• WHAT YOU HAVE TO DO: In the entries that follow, find the line containing "绘画教程#西装绘制 来自画师幸坊(pid=2383650)" and the line containing "Damen warme Winter", then retype exactly the lines from the first through the second, pictures excluded.

• RECORD SET:
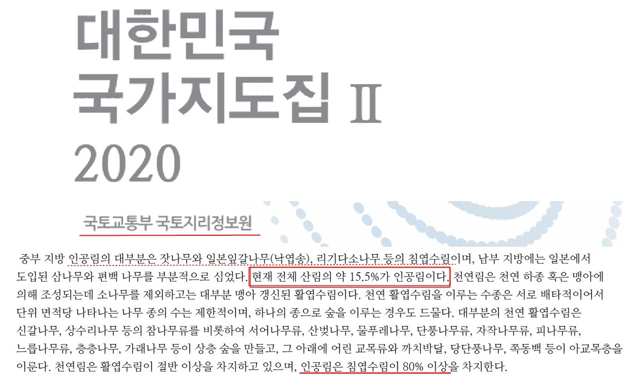 <대한민국 국가지도집Ⅱ>(2020년)에 따르면 산림청이 지난 65년 동안 조림한 인공림은 고작 15.5%에 불과했다.
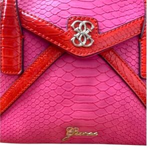 Guess NWOT Hot Pink w Red Faux Alligator Bag, Gold Hardware.
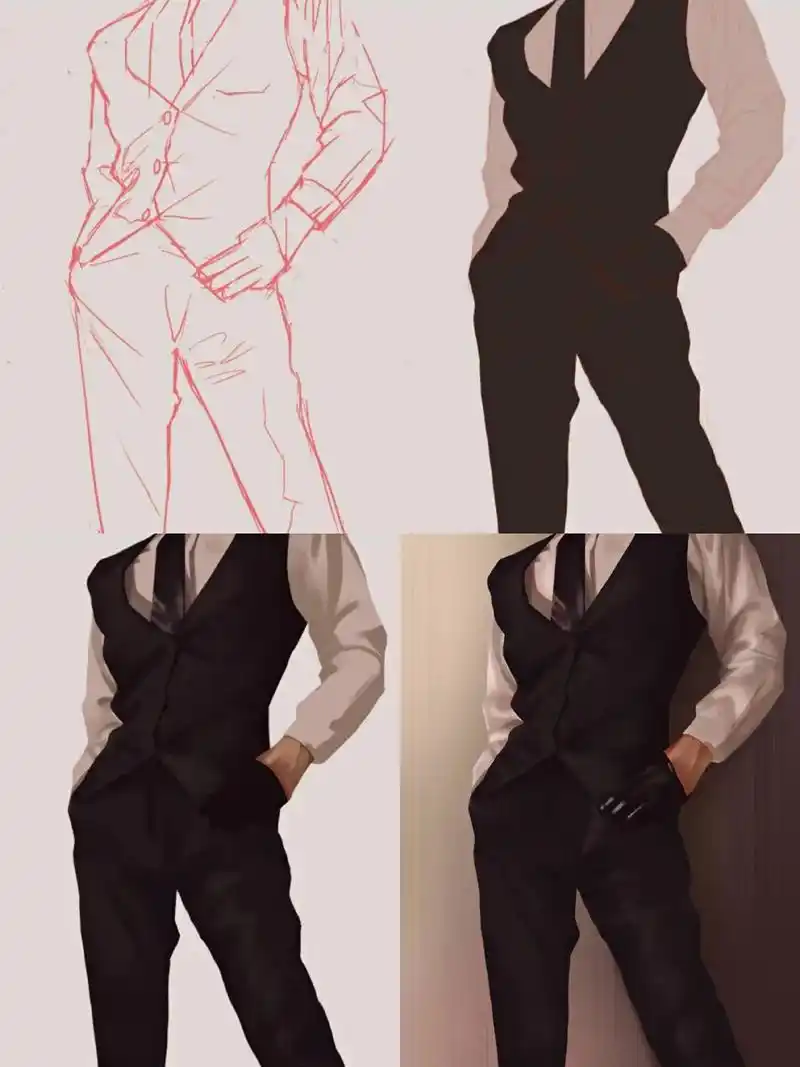 绘画教程#西装绘制 来自画师幸坊(pid=2383650)
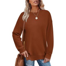 위홀 여성용 오버사이즈 스웨트 셔츠 크루넥 튜닉 탑사이드 지퍼 경량 폴로버 스웨터 2024 패션
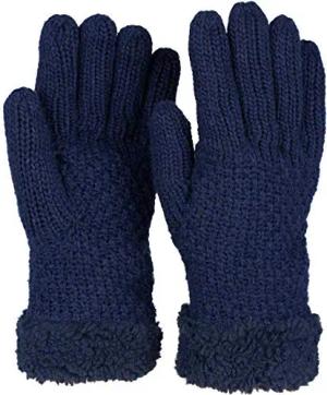 Damen warme Winter Handschuhe mit Perlmuster und Fleece, Thermo Strickhandschuhe, Fingerhandschuhe 09010032, Farbe:Dunkelblau
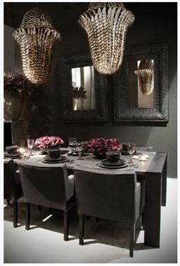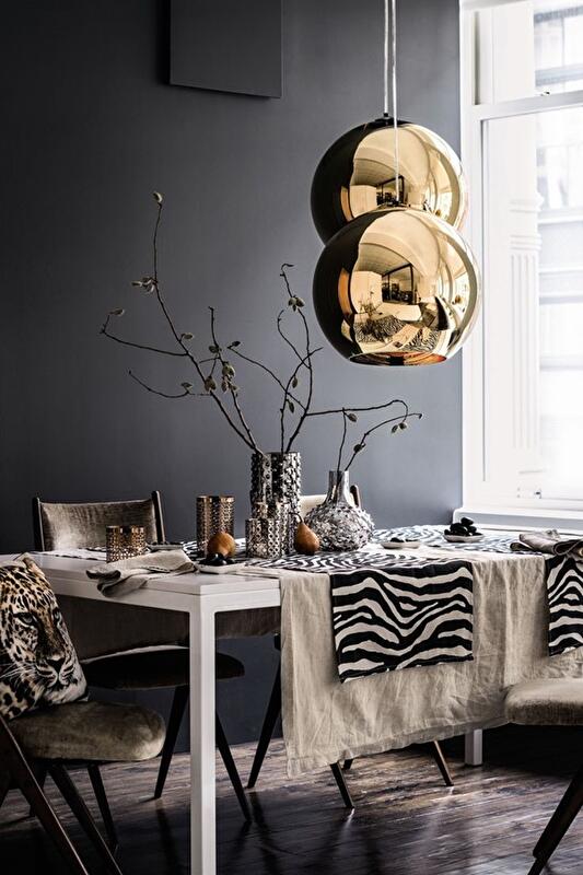На фоне черных или темно-серых стен особенно эффектно смотрятся предметы интерьера с эффектом металлик, серебристые или медные детали, а также хрусталь и граненные элементы декора из стекла. Блеск всегда требует глубокого темного фона.
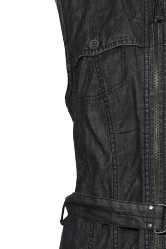 | Details | Jeans, ärmellos, Bindegürtel, Rundhals, Front Reißverschluss, Einfarbig |

• RESULT FOR THIS TASK:
 绘画教程#西装绘制 来自画师幸坊(pid=2383650)
 위홀 여성용 오버사이즈 스웨트 셔츠 크루넥 튜닉 탑사이드 지퍼 경량 폴로버 스웨터 2024 패션
 Damen warme Winter Handschuhe mit Perlmuster und Fleece, Thermo Strickhandschuhe, Fingerhandschuhe 09010032, Farbe:Dunkelblau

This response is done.